- SUPPLIED DATA:
##########
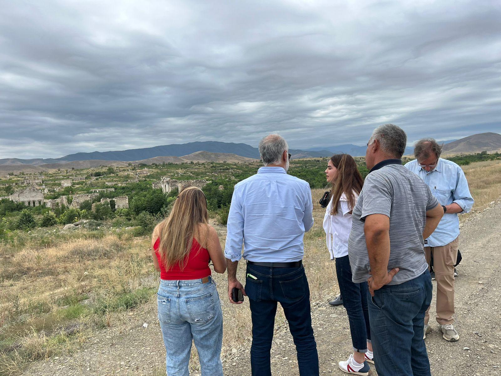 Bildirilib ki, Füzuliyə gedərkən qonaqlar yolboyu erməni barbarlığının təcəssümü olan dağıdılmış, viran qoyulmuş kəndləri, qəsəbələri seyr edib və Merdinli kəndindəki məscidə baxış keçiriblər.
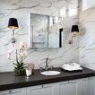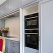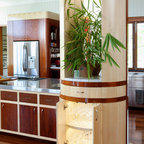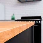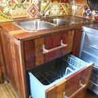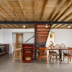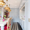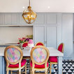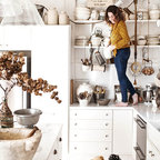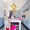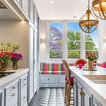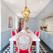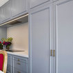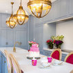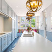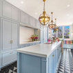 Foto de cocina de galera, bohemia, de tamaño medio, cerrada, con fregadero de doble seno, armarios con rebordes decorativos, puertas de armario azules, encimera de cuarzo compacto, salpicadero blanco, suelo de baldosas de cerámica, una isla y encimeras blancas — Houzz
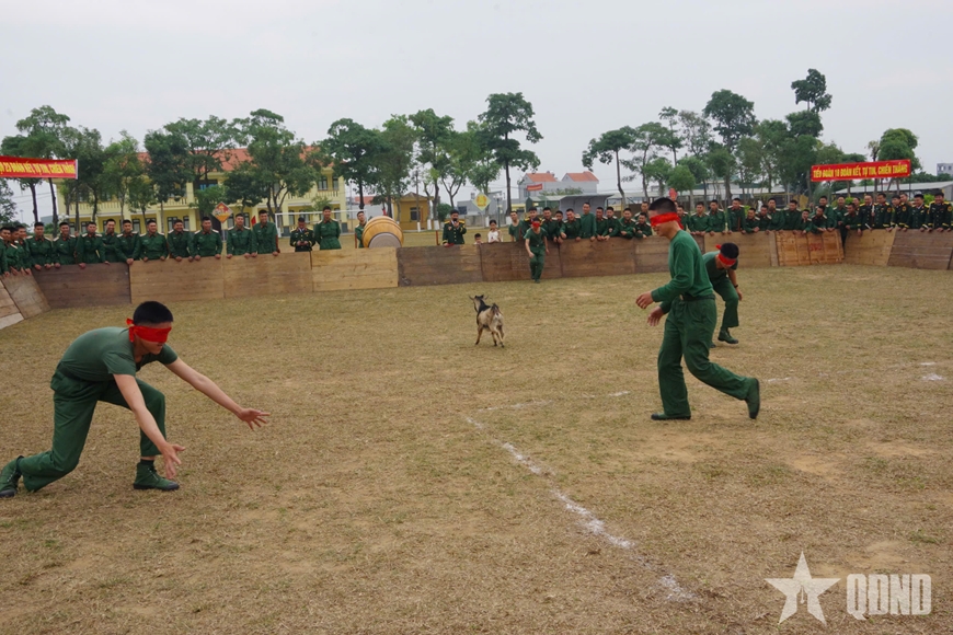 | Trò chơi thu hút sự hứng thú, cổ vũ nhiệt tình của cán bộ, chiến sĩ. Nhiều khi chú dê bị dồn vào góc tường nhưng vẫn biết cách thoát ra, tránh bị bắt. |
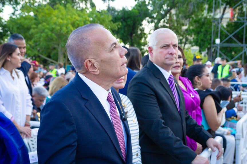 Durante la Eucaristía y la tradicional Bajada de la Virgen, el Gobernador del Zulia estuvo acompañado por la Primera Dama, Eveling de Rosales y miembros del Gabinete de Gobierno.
##########
- REQUIREMENT: Exactly the lines from the one with "Foto de cocina" to the last line of the listing are wanted, both ends included and pictures excluded.

- EXPECTED ANSWER:
 Foto de cocina de galera, bohemia, de tamaño medio, cerrada, con fregadero de doble seno, armarios con rebordes decorativos, puertas de armario azules, encimera de cuarzo compacto, salpicadero blanco, suelo de baldosas de cerámica, una isla y encimeras blancas — Houzz
 | Trò chơi thu hút sự hứng thú, cổ vũ nhiệt tình của cán bộ, chiến sĩ. Nhiều khi chú dê bị dồn vào góc tường nhưng vẫn biết cách thoát ra, tránh bị bắt. |
 Durante la Eucaristía y la tradicional Bajada de la Virgen, el Gobernador del Zulia estuvo acompañado por la Primera Dama, Eveling de Rosales y miembros del Gabinete de Gobierno.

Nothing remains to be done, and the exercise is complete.